The investigation, they said, has shown “zero result.”
Some 400 people attended a 10 a.m. Mass to seek justice for Estriber and two victims of what they consider to be extrajudicial killings—Dutch activist Wilhelmus Geertman and election officer Waldo Palispis.
Later, they marched about a kilometer to reach the site of Estriber’s abduction, lighting candles there, said Josefina Marino, Estriber’s colleague at the Bataris Formation Center.
Lourdes, Estriber’s wife, appealed to President Aquino to act and help them find Estriber alive or find his grave.

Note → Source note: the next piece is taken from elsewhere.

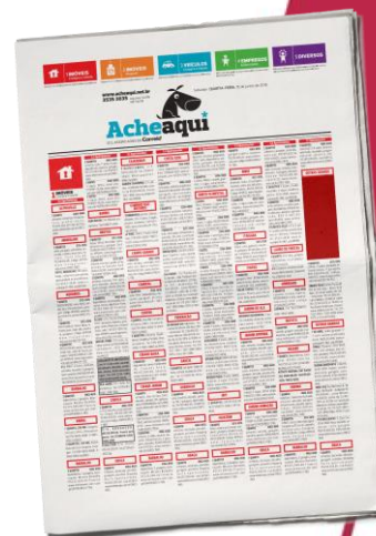
Patrocínio de retranca 1 col x 08 cm
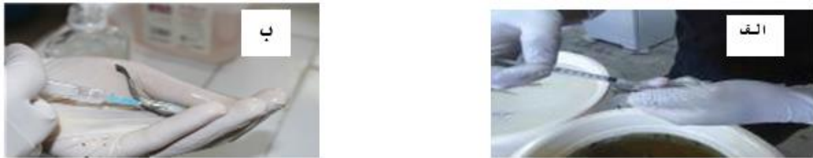
شکل ۲: الف و ب: تزریق میزان ۰/۱ میلی لیتر باکتری آئروموناس هیدروفیلا از رقت 10^{-4} و 10^{-8} درون صفاق ماهی قزل آلاهی رنگین کمان Figure 2: A and B: intraperitoneal injection of 0.1 ml Aeromonas hydrophila from 10^{-4} and 10^{-8} dilution to Rainbow Trout

Estriber, then 27, was picked up by a group of men and pushed into a waiting van just as he stepped out of an Internet café at 6 p.m. on March 3, 2006, a report by the Multi-Sectoral Action Group of Aurora (MSAG), citing accounts of witnesses.
Appeal to Aquino
“Now, seven years later after this terrible incident, Joey is still missing. When [President Aquino] was elected President, there was a sprinkle of hope. Maybe he and his administration could solve Joey’s abduction and bring the perpetrators to court,” Alfonso van Zijl, MSAG secretary, said in a statement.
“There’s zero result in the investigation,” he told the Inquirer by telephone on Sunday.
This, he said, happened despite the aid of the Commission of Human Rights.
He rued that the government has not arrested retired Maj. Gen. Jovito Palparan Jr., under whose stint the abduction happened.
The government has offered a P2-million bounty for any information that would lead to the arrest of Palparan, the former commander of the Army’s 7th Infantry Division in Central Luzon and parts of Pangasinan, who is facing charges for the abduction of University of the Philippines students Karen Empeño and Sherlyn Cadapan.
Records of the human rights group, Karapatan, showed that 136 incidents of human rights violations happened during Palparan’s tour of duty in Central Luzon, including 71 summary executions and 46 enforced disappearances, which included Estriber’s case.
Radio show
As staff member of Bataris, Estriber cohosted the radio show, “Pag-usapan Natin,” on dzJO-FM, focusing on logging and mining by corporations and military harassment in communities where farmers, Dumagat, Agta and Cordillerans defend their lands and fishing grounds.
Van Zijl said that before Estriber was abducted, the military put up streamers calling Bataris and people’s organizations as fronts of the New People’s Army.
In December 2005, suspected soldiers or their men burned the sleeping quarters of Bataris.
“And some days before Joey was abducted, four soldiers disturbed the seminar given by Joey on Charter change, held in the premises of the Mount Carmel College in Baler,” Van Zijl said.
The commander of the Army’s 48th Infantry Battalion then, Col. Joselito Kakilala, denied that his men were involved in the abduction.
“We call on the government to do serious efforts to resolve the case of Joey and all other victims of human rights violations so the present state and climate of impunity will be broken and justice will be done,” Van Zijl said.